Search code examples
phplaravelcsvfgetcsv

Reading > 1GB GZipped CSV files from external FTP server


In a scheduled task of my Laravel application I'm reading several large gzipped CSV files, ranging from 80mb to 4gb on an external FTP server, containing products which I store in my database based on a product attribute.

I loop through a list of product feeds that I want to import but each time a fatal error is returned: 'Allowed memory size of 536870912 bytes exhausted'. I can bump up the length parameter of the fgetcsv function from 1000 to 100000 which solves the problem for the smaller files (< 500mb) but for the larger files it will return the fatal error.

Is there a solution that allows me to either download or unzip the .csv.gz files, reading the lines (by batch or one by one) and inserting the products into my database without running out of memory?

$feeds = [
    "feed_baby-mother-child.csv.gz",
    "feed_computer-games.csv.gz",
    "feed_general-books.csv.gz",
    "feed_toys.csv.gz",
];

foreach ($feeds as $feed) {
    $importedProducts = array();
    $importedFeedProducts = 0;

    $csvfile = 'compress.zlib://ftp://' . config('app.ftp_username') . ':' . config('app.ftp_password') . '@' . config('app.ftp_host') . '/' . $feed;

    if (($handle = fopen($csvfile, "r")) !== FALSE) {
        $row = 1;
        $header = fgetcsv($handle, 1, "|");
                
        while (($data = fgetcsv($handle, 1000, "|")) !== FALSE) {
            if($row == 1 || array(null) !== $data){ $row++; continue; }
                    
            $product = array_combine($header, $data);
            $importedProducts[] = $product;
        }

        fclose($handle);
    } else {
        echo 'Failed to open: ' . $feed . PHP_EOL;
        continue;
    }
    
    // start inserting products into the database below here
}

Solution

  • The problem is probably not the gzip file itself, Of course you can download it, on process it then, this will keep the same issues.

    Because you are loading all products in a single array (Memory)

    $importedProducts[] = $product;
    

    You could comment this line out, and see it if this prevent's hitting your memory limit.

    Usually i would create a method like this addProduct($product) to handle it memory safe.

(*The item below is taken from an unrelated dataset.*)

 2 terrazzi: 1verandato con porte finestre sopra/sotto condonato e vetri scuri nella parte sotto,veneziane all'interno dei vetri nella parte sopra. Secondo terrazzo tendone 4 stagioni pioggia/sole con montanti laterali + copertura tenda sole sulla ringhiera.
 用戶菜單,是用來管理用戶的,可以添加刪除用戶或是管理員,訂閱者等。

    You can then from there decide a max number of products before doing a bulk insert. to achieve optimal speed.. i usually use something between 1000 en 5000 rows.

    For example

    class ProductBatchInserter
    {
        private $maxRecords = 1000;
        private $records = [];
        
        function addProduct($record) {
            $this->records[] = $record;
            if (count($this->records) >= $this->maxRecords) {
               EloquentModel::insert($this->records);
               $this->records = [];
            }
        }
    }
    

    However i usualy don't implement it as a single class, but in my projects i used to integrate them as a BulkInsertable trait that could be used on any eloquent model.

    But this should give you an direction, how you can avoid memory limits.

    Or, the easier , but significantly slower, just insert the row where you now assign it to array. But that will put a ridiculous load on your database and will be really very slow.

    If the GZIP stream is the bottleneck

    As i expect this is not the issue, but if it would, then you could use gzopen()

    https://www.php.net/manual/en/function.gzopen.php

    and nest the gzopen handle as handle for fgetcsv.

    But i expect the streamhandler you are using, is doing this already the same way for you..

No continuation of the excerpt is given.